• Directions for this task:
Take the lines from the one containing "Swimming shorts realized" through the final line below and restate them exactly. Omit the pictures.

• Records for processing:
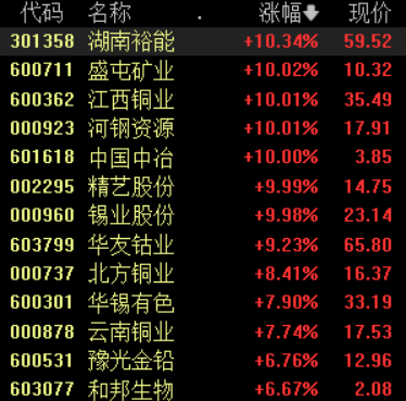 14:07 有色铜午后涨势扩大,江西铜业强势封板,股价创近15年新高;盛屯矿业、河钢资源、中国中冶等多股涨停。
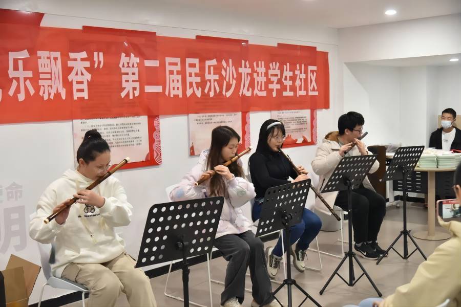 一手持弓,一手扶杆,二胡演奏者以悠扬琴声演绎《兰亭序》。笛箫演奏者以高超技巧将《春不晚》《知否》展现得淋漓尽致。阮艺协会的柳琴表演将现场同学拉入文化长河,使其沉浸于婉转悠扬的曲艺之中。人工智能教育学部2022级郝金硕同学说道:“我觉得民乐沙龙活动举办得很成功。活动不仅有现场民乐演奏,还把民乐和我们喜欢的流行曲结合在一起,真的令人惊叹!”协会的精彩演奏让现场观众陶醉其中,展示了民俗音乐的魅力。
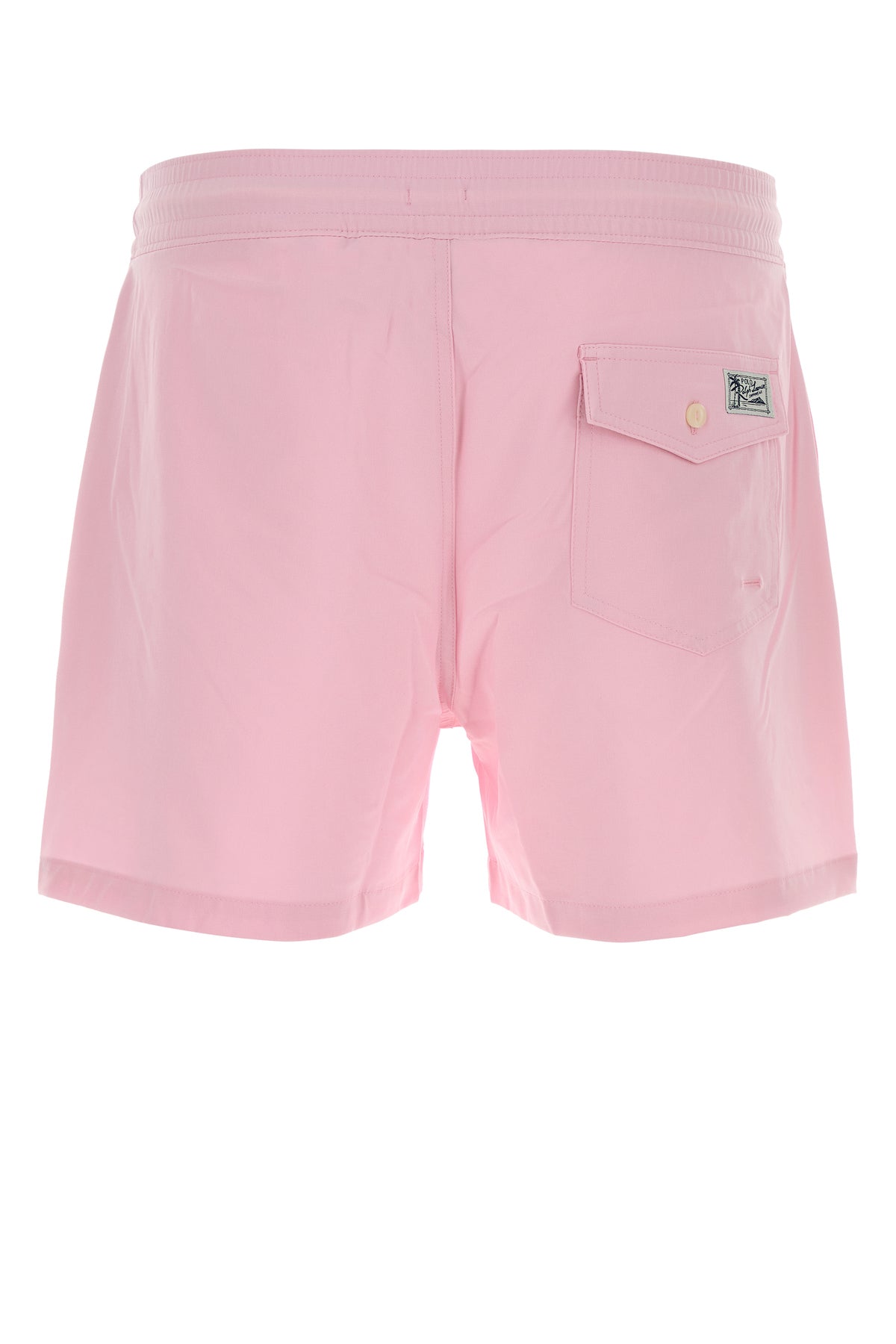 Swimming shorts realized in stretch polyester characterized by contrasting iconic embroidered logo at the front enriched by logoed label at the back.
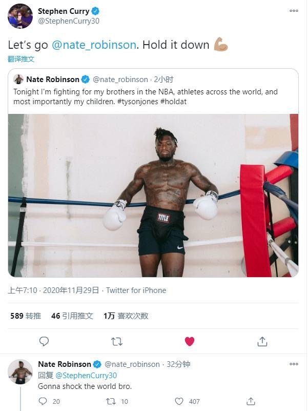库里转推为内特助力,库里写道:“加油@内特-罗宾逊,把他拿下!”
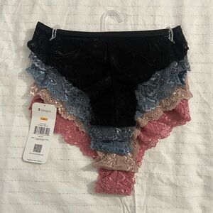 The René Rofé 5-pack lace tangas are a set of low-rise, cheeky-style panties crafted primarily from a blend of 90% nylon and 10% spandex.

• Answer to the exercise:
 Swimming shorts realized in stretch polyester characterized by contrasting iconic embroidered logo at the front enriched by logoed label at the back.
库里转推为内特助力,库里写道:“加油@内特-罗宾逊,把他拿下!”
 The René Rofé 5-pack lace tangas are a set of low-rise, cheeky-style panties crafted primarily from a blend of 90% nylon and 10% spandex.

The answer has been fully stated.